Push the right buttons: Publishers leaning more toward mobile, apps, push notifications (new report)
Sep 18, 2024
MARK MCCORMICK
The Newspaper Manager
Publishers looking to expand their audiences — a classification that could just as easily be shortened nowadays to “publishers” — would do well to consider the doors and opportunities that mobile publishing opens, according to Pugpig’s latest report.
“Pugpig data shows that publishers have better success in engaging young audiences with their apps than their websites,” says the State of Mobile Publishing Market Report, which surveyed 72 publishers that use its platform to better illustrate mobile publishing’s potential and digital publishing’s future. With mobile’s consumer time and attention either rising or holding steady across the globe, what apps can do to attract and engage audiences (particularly younger audiences) is worth publishers’ time.
“It’s clear from the data that apps do not serve large audiences,” the report says. “In fact, for even the most successful publisher, apps make up a remarkably small percentage of their overall digital readership. However, when viewed through the lens of the percentage of the subscriber base who use a publisher’s app, you come to see the role that apps play for publishers’ most engaged and loyal audiences.”
The report recommends publishers should focus on the proportion of subscribers who regularly use them and monitor key engagement metrics to better measure an app’s success.
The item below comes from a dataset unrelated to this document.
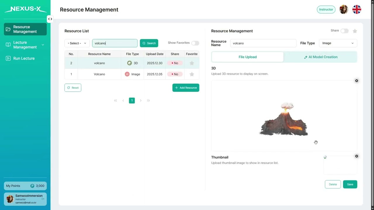 Upload lecture materials (PDF, video) and place 3D
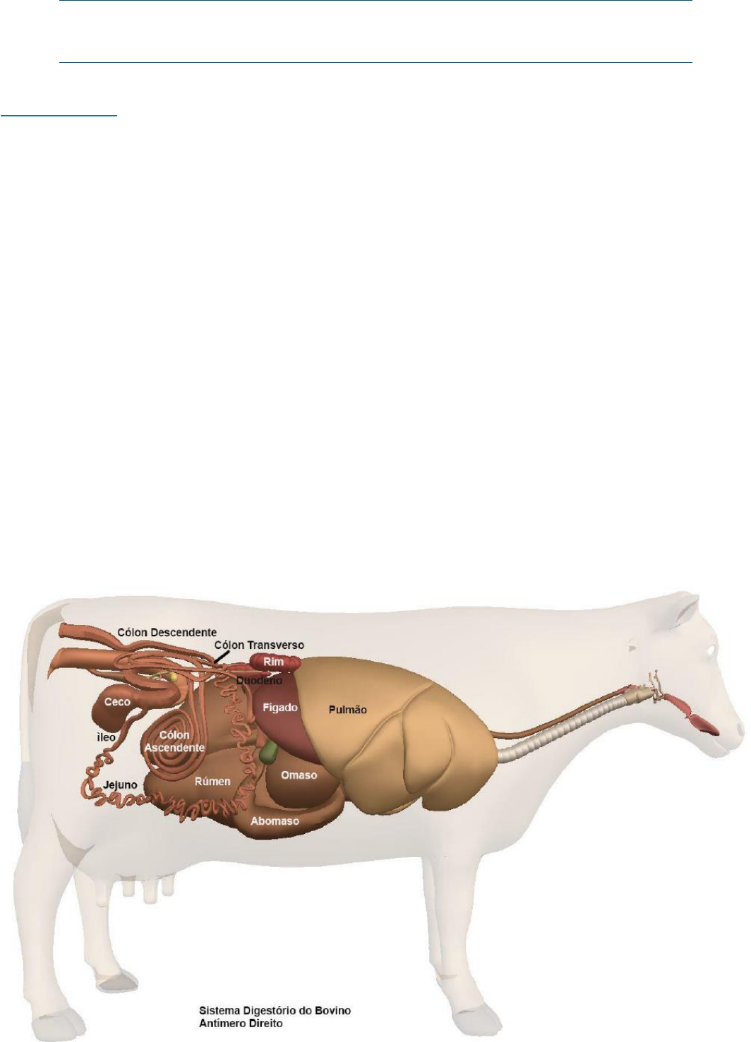 SISTEMA DIGESTÓRIO DE BOVINOS Anatomia • Rumen: fermentação microbiana e maceração. É o maior pré-estômago e é onde ocorre a fermentação microbiana. Os microrganismos presentes no rúmen são capazes de quebrar fibras vegetais complexas em substâncias simples, como ácidos graxos voláteis e gases. Esses produtos da digestão microbiana são absorvidos pelo animal como fonte de energia. • Reticulo: separação dos alimentos. Localizado ao lado do rúmen, o retículo ajuda a misturar o conteúdo alimentar e a formar bolos de alimentos chamando de “cud”. Este local é onde o animal onde o animal pode regurgitar o cud para mastigação adicional, conhecida como ruminação, antes de engoli-lo novamente para digestão final. • Omaso: absorção de água, minerais e maceração dos alimentos. Muitas vezes chamado de ‘filtro’ ou ‘estômago de água’ porque suas inúmeras dobras ajudam a absorver a água dos alimentos e a filtras partículas não digeríveis que o alimento passe para o abomaso. • Abomaso: digestão química. É o equivalente ao estômago dos humanos como outros animais monogástricos. Aqui ocorre a digestão final das proteínas, carboidratos e gorduras com a ajuda de enzimas digestivas ácidas secretadas pelas células do revestimento o estomago. • O ciclo motor dos reservatórios gástricos é dirigido principalmente pelo nervo vago, que é o maior responsável pela movimentação da musculatura gástrica. • O sistema nervoso autônomo é responsável pela inervação motora dos reservatórios gástricos. • Funções das contrações motoras dos reservatórios gástricos: mistura do liquido a alimentos sólidos, maceração dos alimentos fibrosos, distribuição do material alimentar para que haja absorção dos ácidos graxos voláteis no contato do líquido ruminal com a mucosa do rúmen, filtragem de partículas alimentares (as pequenas vão parao omaso e as maiores volta para o rúmen), eliminação de gases (eructação), regurgitação do material fibroso (nova mastigação e insalivação. • Quando o alimento não é mastigado de forma eficiente e é ingerido, quando chega ao rúmen e ao retículo são submetidos a maceração pelas contrações ruminais e pela degradação (microrganismos presentes no ambiente ruminal). Depois o conteúdo retorna para a cavidade bucal para ser novamente mastigado, insalivado e deglutido. Quanto mais fibrosa for a dieta do bovino, maior será o tempo destinado à ruminação. Cerca de 7h são gastas por dia para ruminar. • Causa de diminuição da ruminação: hipomobilidade ou atonia ruminal, depressão do sistema nervoso central, dor, dano mecânico ao retículo (peritonite) • Timpanismo (gasoso/espumoso) = acúmulo excessivo de gases no rúmen/retículo • As populações microbianas mais importantes que habitam o rúmen são as bactérias, protozoários e leveduras. • Sequência da estratificação do rúmen em um bovino sadio: embaixo líquido e fibras finas; no meio fibras finas; acima fibras longas/grosseiras; no topo conteúdo gasoso. Anamnese • Aspectos fundamentais: Importante analisar emagrecimento, tempo de evolução da doença, tipo de alimentação características macroscópicas das fezes. 1. O animal: histórico do animal e/ou rebanho; tratamento anterior; tempo de evolução. A idade é um dos aspectos mais importantes pois tem relação direta com o desenvolvimento do sistema digestório. Deslocamento de abomaso e reticulite traumática são mais comuns em vacas de leite e raro em bovino de corte. A história da doença é algo muito importante a ser levado em consideração. → Super aguda: 0 a 24h → Aguda: 24 a 96h → Subaguda: 4 a 14dias → Crônica: mais de 14 dias → Transtornos fermentativos (timpanismo espumoso e acidose) = são rápidos → Distúrbios motores e de origem parasitário = quadros longos 2. O ambiente: tipo de criação/manejo -> regime extensivo? Confinados? Por exemplo áreas íngremes e irregulares podem ser causas de ectopia abomasal. 3. A alimentação: tipo de alimentação; mudança no manejo alimentar; relação volumoso concentrado. A alimentação determina o tipo de fermentação, então é importante saber se houve mudança, qual tipo de mudança, há quanto tempo ocorreu... Exame clínico • Exame clínico geral → Atitude e postura: se possível durante alimentação e defecação → Condição dos pelos e pele → Respiração → Corrimentos (ânus, boca...) → Mucosa, linfonodos → Parâmetros vitais: temperatura, FC, FR, frequência dos ruídos ruminais → Estação x decúbito → Escoiceamento do abdômen – DOR! → Apetite e condição nutricional: anorexia, apetite seletivo/pervertido → Ruminação • Suspeita de afecção no TGI: sinais e sintomas indicadores -> não existem sinais/sintomas patognomônicos que determinem com exatidão o comprometimento primário do sistema digestório. a) Assimetria do contorno abdominal: a inspeção a distância é o primeiro passo da conduta do exame. O aumento de volume da cavidade abdominal em um animal com história de anorexia ou inapetência há 2 dias é indicativo de envolvimento do sistema digestório. Deve olhar o animal dos dois lados e determinar o grau de simetria -> pode ser unilateral, bilateral, dorsal, ventral. Em bovinos sadios o lado esquerdo é mais proeminente que o direito. Principais materiais que podem promover alteração no contorno abdominal: o Gás: timpanismo. Deforma na porção ventral do abdômen direito. o Líquido: ascite, uroperitônio. Fica com aspecto caído. o Sólido: ingestão acidental de grande quantidade de grãos de uma única vez, causando acidose ruminal (alteração da flora) e alterações no nervo vago. Deforma na porção ventral do abdômen esquerdo. Se persistir pode afetar a porção superior do flanco esquerdo e lado direito do abdômen. A presença de um feto grande ou dois fetos também pode deixar o abdômen abaulado

While valued for its stickiness and frequency of use — particularly for news media apps, according to Pugpig’s research — apps are being used “increasingly as a means to acquire subscribers,” specifically with registration and trial subscription offers.
“This gives users an opportunity to sample the content and features to encourage them to buy a subscription,” the report says of efforts that provide the added bonus of collecting first-party data. “As first-party data and reader revenue continue to grow in importance, publishers have begun investing more in building products that properly fulfill the needs of their readers.”
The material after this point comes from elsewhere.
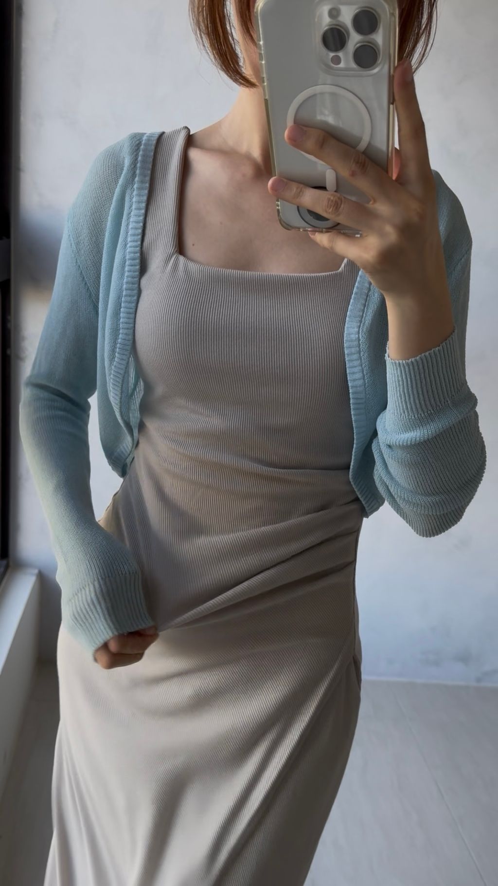 *細肩帶洋裝搭配罩衫外套推薦:
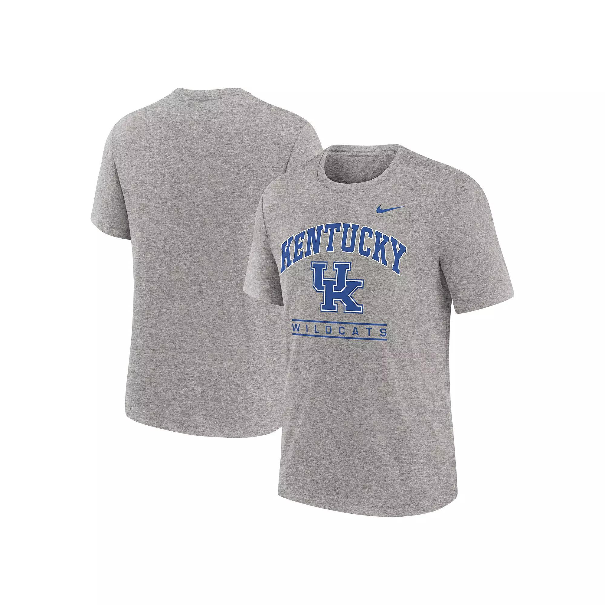 Showcase your Kentucky Wildcats pride with this subtle yet spirited Nike Arch Over Logo Tri-Blend T-Shirt. The arched wordmark printed above the Kentucky Wildcats logo creates an unapologetically spirited look that's sure to turn heads. The tri-blend fabric offers unbeatable comfort and a soft feel that makes this tee ideal for all-day wear.Showcase your Kentucky Wildcats pride with this subtle yet spirited Nike Arch Over Logo Tri-Blend T-Shirt. The arched wordmark printed above the Kentucky Wildcats logo creates an unapologetically spirited look that's sure to turn heads. The tri-blend fabric offers unbeatable comfort and a soft feel that makes this tee ideal for all-day wear.PRODUCT FEATURESBlended fabric for a soft feel and added durabilityMaterial: 50% Cotton/38% Polyester/12% RayonArched wordmark printed above team logo across the torsoCrew neckMachine wash, tumble dry lowOfficially licensedBrand: NikeShort sleeveImportedScreen print graphics Size: XL. Color: Grey. Gender: male. Age Group: adult.

Other engagement drivers like digital editions and push notifications were also given spotlight in Pugpig’s report, as “apps with digital editions see four times more screens per session, 25% more sessions per user per month and 2.5x longer average session duration than those without them.”
B2B publishers saw the highest percentage of users who would open a push notification (37%), followed by news media (29%), despite the higher number of notifications sent by news media. Consumer media saw a 14% user-open rate.
“Data and advice from push notification providers suggest that higher engagement is possible with segmented push notifications,” the report says, adding it saw a 60% increased engagement in apps by those who started using push notifications.
“Publishers are achieving this using push notifications providers’ preference centers to allow users to choose the topics they receive push notifications about. Consumer media publishers have an opportunity to increase the frequency of their pushes to increase engagement with them and with their apps.”